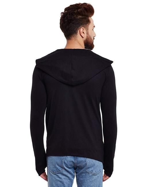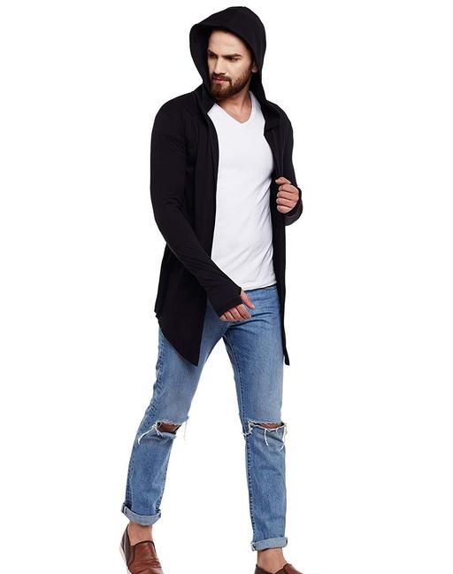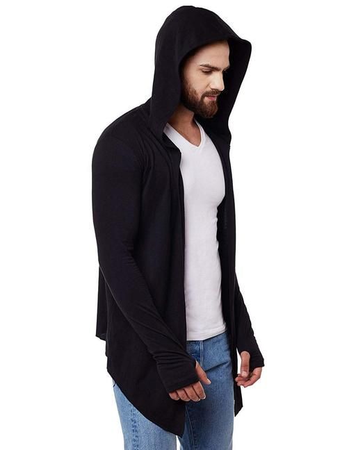Name: GLAMPANDA Men Black Hooded Thumbhole Open Long Cardigan Shrug Men's Stylish Solid Cotton Square Neck Collar Full Sleeves Cardigan/Shrug
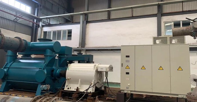 此次為河南能源新疆公司榆樹嶺礦生產(chǎn)的2BEF80水環(huán)真空泵機組,系采用更為先進的水環(huán)真空泵+礦用隔爆型永磁同步變頻電動機方式;相較傳統(tǒng)機組,省去減速機、用永磁變頻電機替代普通異步電機,其優(yōu)勢主要體現(xiàn)在:結構簡單, 可靠性高,平均效率高,溫升低,電機體積較小、重量輕,功率因數(shù)高,起動轉矩大,力能指標好,可大氣隙化,便于構成新型磁路,電樞反應小、抗過載能力強,高效節(jié)能及減少故障點。
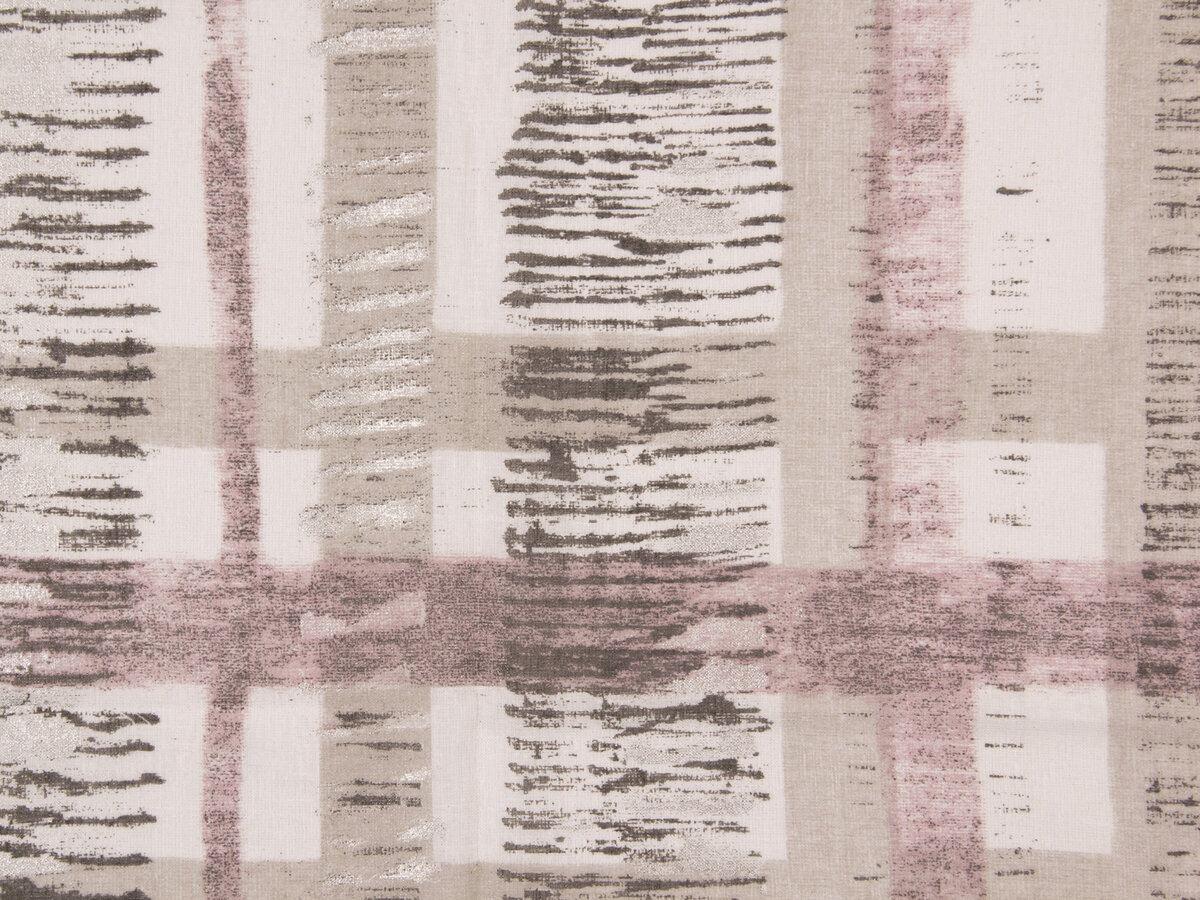 Malaya is a lavish printed fabric on a transparent linen blend with intriguing metallic accents. This room-height base fabric features a pleasing, relaxed brushstroke design that recalls light reflected off of desert sand. Its pattern hearkens back to abstract, natural ceramicware.
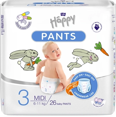 bella baby Happy Pants Midi primarily offers comfort and safety for your child as they begin to learn independence. The Quick & Easy System ensures a fast diaper change, letting your little one get back to exploring the world. The safety and quality of our products have been confirmed by a Dermatest certificate and a positive opinion from the Mother and Child Institute.
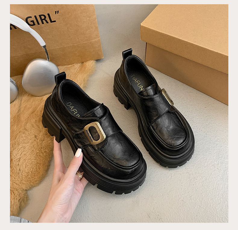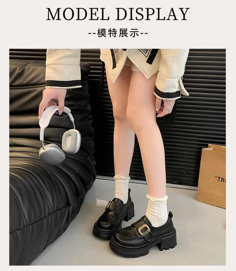영국 스타일 로퍼 여성의 2025 봄과 가을 새로운 두꺼운 힐 두꺼운 단일 빈티지 유행 작은 메리 제인 작은 가죽 신발스토어 가기
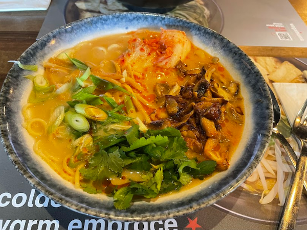 點了拉麵當晚餐, 有不少蔬菜的這碗拉麵,將近美金20元,不算便宜,但是湯頭味道不錯,對於我的東方胃是個不錯的選擇.飽餐後,我們搭乘M52路面電車在Vijzelgracht下車. 沒走多遠,就看到海尼根啤酒屋的總部了.
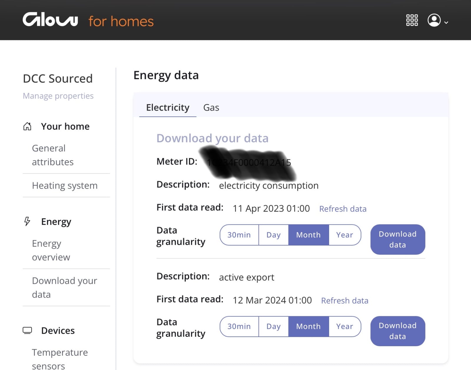 The Meter ID is a 16 digit hexadecimal number written on your meter. Presumably this is something that Bright can access from the DCC. It is shown on the Glowmarkt web interface but I can't find it in the Bright app.
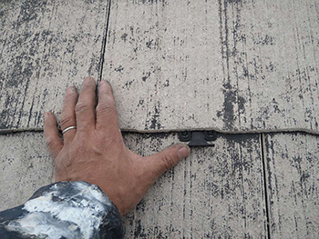 誘発目地部分にひび割れが発生しています。
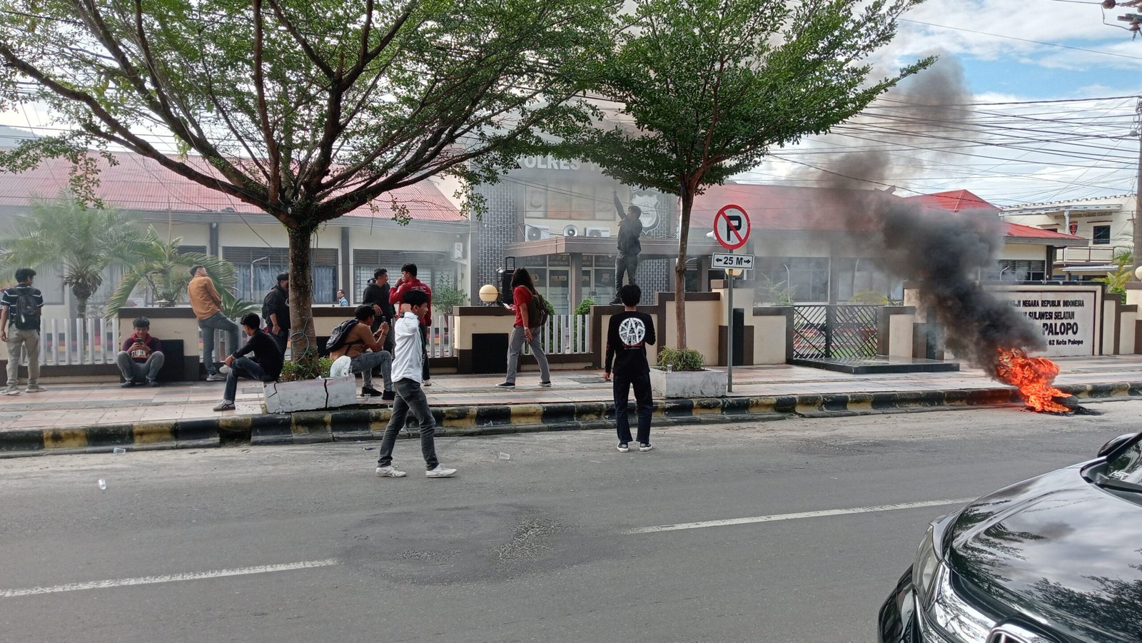Dalam aksinya, mahasiswa membakar ban bekas dan berorasi di depan Mapolres.
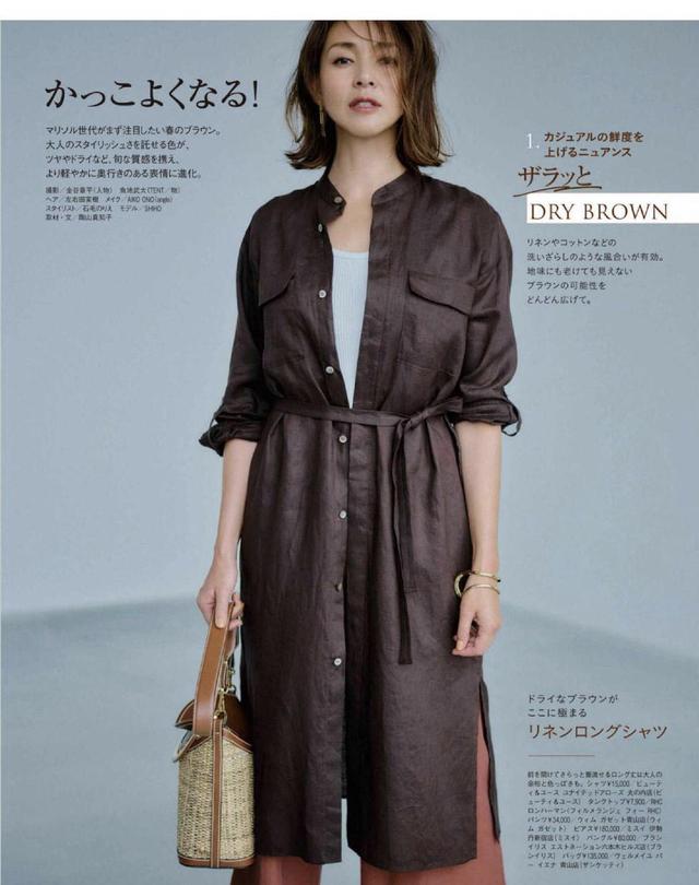 棕色的长款外套是亚麻面料的,特别的清凉。宽松的版型适合在里面搭配一件修身的白色针织衫,裤子选择搭配一件坠感强烈的阔腿裤,从上而下的宽松感和坠落感都十分明显。这样的搭配是日系风格中比较常见的,但却也是最好看和知性温柔的。棕色衣服配什么颜色好看图片
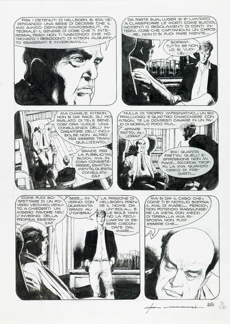 Tavola originale realizzata da Roi per "I peccatori di Hellborn", edita su Dylan Dog Gigante n. 10 a pag. 26 dalla Bonelli nel 2001. Firmata.
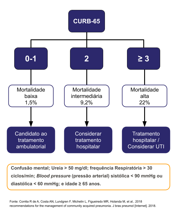 - Corrêa R de A, Costa AN, Lundgren F, Michelin L, Figueiredo MR, Holanda M, et al.. 2018 recommendations for the management of community acquired pneumonia. J bras pneumol [Internet]. 2018 Sep;44(5):405–23. Available from: https://doi.org/10.1590/S1806-37562018000000130.
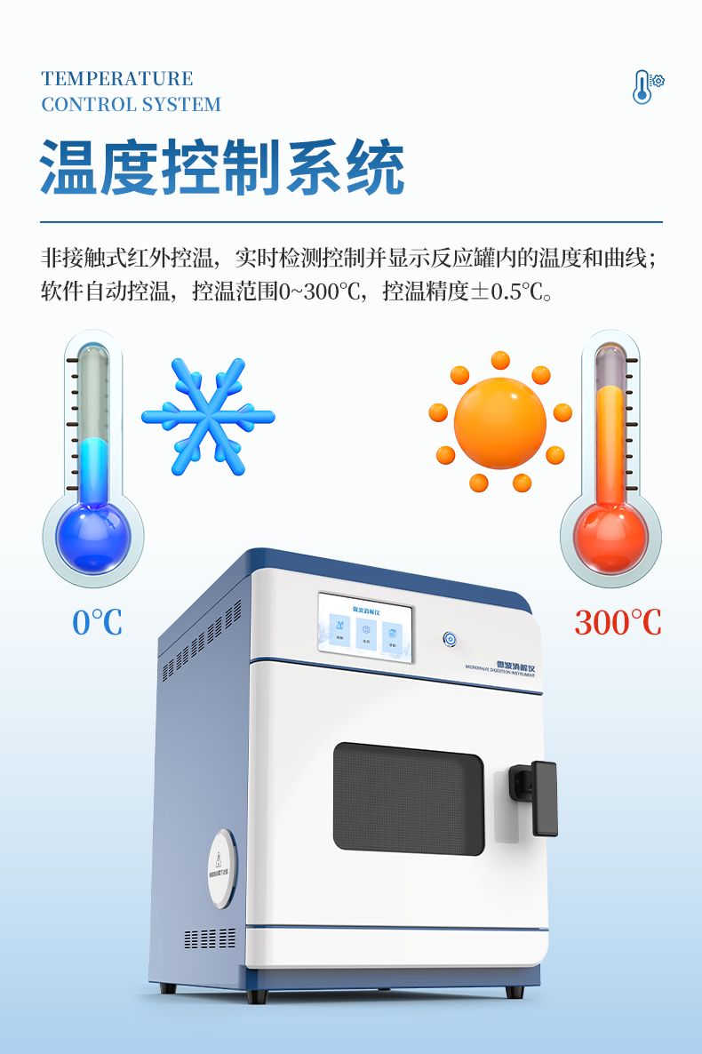 溫度控制系統(tǒng):非接觸式紅外控溫,實(shí)時(shí)檢測控制并顯示微波消解反應(yīng)罐內(nèi)的溫度和曲線。
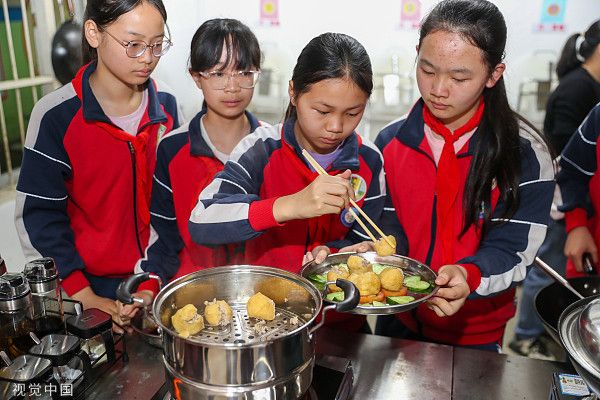 2023年4月11日,广西桂林,灵川县灵田镇中心校,劳动课老师带领学生们烹制当地特色美食。
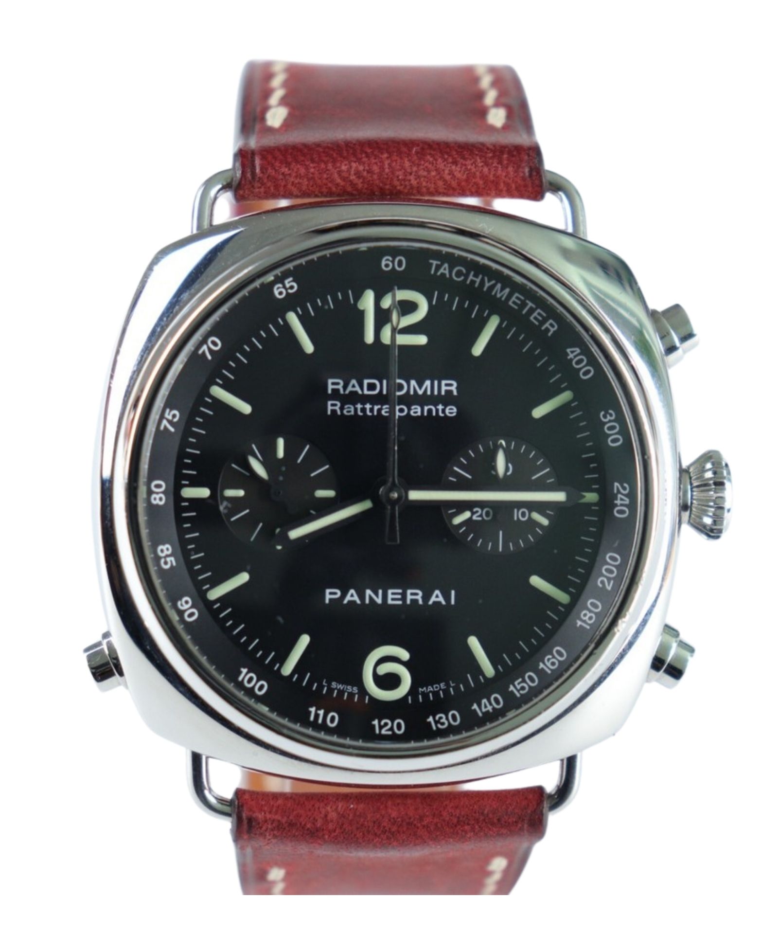 This Panerai Radiomir Automatic PAM00214 has a black baton dial and a leather strap. This Panerai has undergone a thorough inspection of accuracy, functionality and condition at our Panerai certified service centre to determine the level of reconditioning required to meet our strict standards. It has also been checked against our records to ensure authenticity. All our watches have a 24-month warranty for your peace of mind.
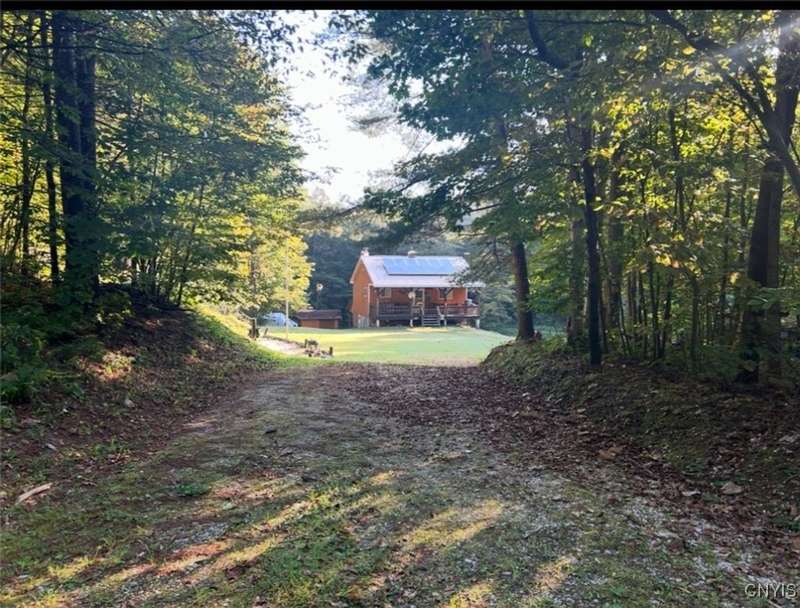 Escape to nature in this comfortable and fully equipped off-grid cabin, nestled near the serene shores of Yellow Lake in Saint Lawrence County, renowned as one of the best bass fishing lakes in the region. Whether you're into fishing, hunting, hiking, cycling, or winter sports, this property is a perfect year-round base for outdoor adventures.Set on over 28 private, forested acres across two adjoining plots, this retreat offers unmatched privacy and tranquility with access to the water. Located on a private road with deeded lake rights and full Yellow Lake access, you'll enjoy peaceful mornings on the water and endless recreation outside your door.This well-maintained home is thoughtfully outfitted for off-grid living with solar power, a drilled well, and a full septic system. The main level features an inviting open-concept layout with a full kitchen and bar, cozy living space, private bedroom, and a convenient half bath. Step onto the spacious covered front porch to enjoy sweeping views and fresh lake air.The finished lower level includes a bunkroom for extra guests, a workshop area, and a full bathroom, making it a functional and flexible space for hosting, hobbies, or gear storage.This property is equipped with solar panels that include backup battery storage, providing reliable and energy-efficient power year-round. For added peace of mind, a gas-powered generator is also included with the sale, offering an additional layer of backup power when needed. A small on-site shed houses a dedicated gas tank for the generator, ensuring easy access and seamless operation of power.Though you'll feel a world away, this cabin is easily accessible?just minutes off Interstate 81, and centrally located between Watertown, Alexandria Bay, and Gouverneur, NY. Whether you're looking for a peaceful retreat, a basecamp for outdoor excursions, or a secluded spot to unwind, this unique property has it all.Don't miss your chance to own a slice of wilderness with modern comforts and full lake access?schedule your private showing today!
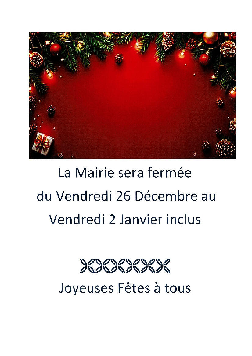 FERMETURE SECRÉTARIAT DE MAIRIE
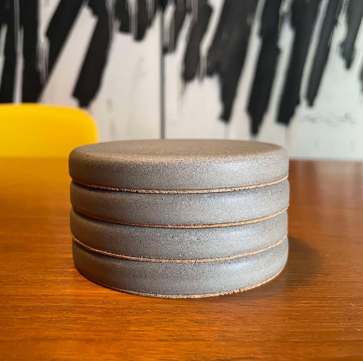 Hand-poured concrete coasters, designed for both style and practicality. This set of 2 coasters features a sleek, minimalist design, perfect for protecting your surfaces from drink stains while adding a modern touch to your home or office. Ideal for cups, glasses, or mugs, these coasters help keep your furniture clean and dry while offering a unique, industrial aesthetic.
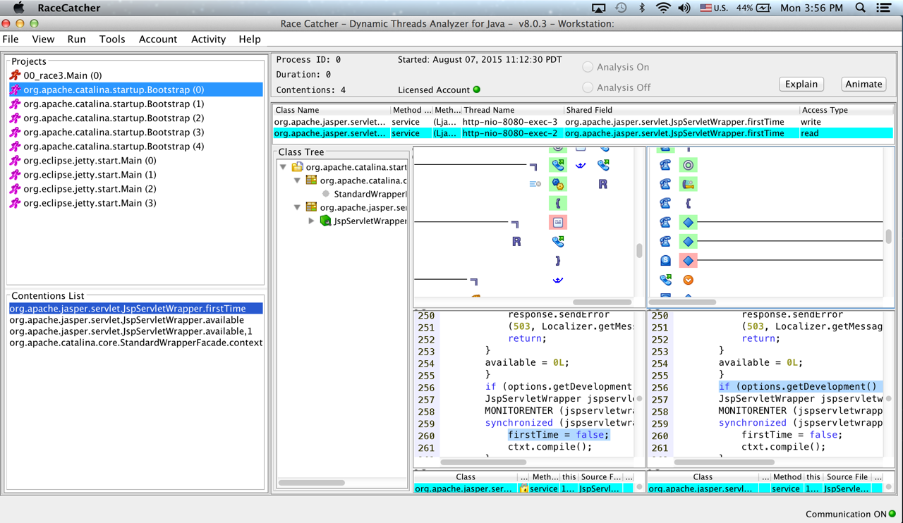 This link shows how to verify that races are not experienced by your JVM powered applications.

## PROBLEM REQUIREMENTS
Because only one stretch of the records is wanted, please output the lines from the one holding "溫度控制系統(tǒng):非" through the one holding "This Panerai Radiomir" exactly, both included, and leave every picture out.

## SOLUTION TO THIS PROBLEM
 溫度控制系統(tǒng):非接觸式紅外控溫,實(shí)時(shí)檢測控制并顯示微波消解反應(yīng)罐內(nèi)的溫度和曲線。
 2023年4月11日,广西桂林,灵川县灵田镇中心校,劳动课老师带领学生们烹制当地特色美食。
 This Panerai Radiomir Automatic PAM00214 has a black baton dial and a leather strap. This Panerai has undergone a thorough inspection of accuracy, functionality and condition at our Panerai certified service centre to determine the level of reconditioning required to meet our strict standards. It has also been checked against our records to ensure authenticity. All our watches have a 24-month warranty for your peace of mind.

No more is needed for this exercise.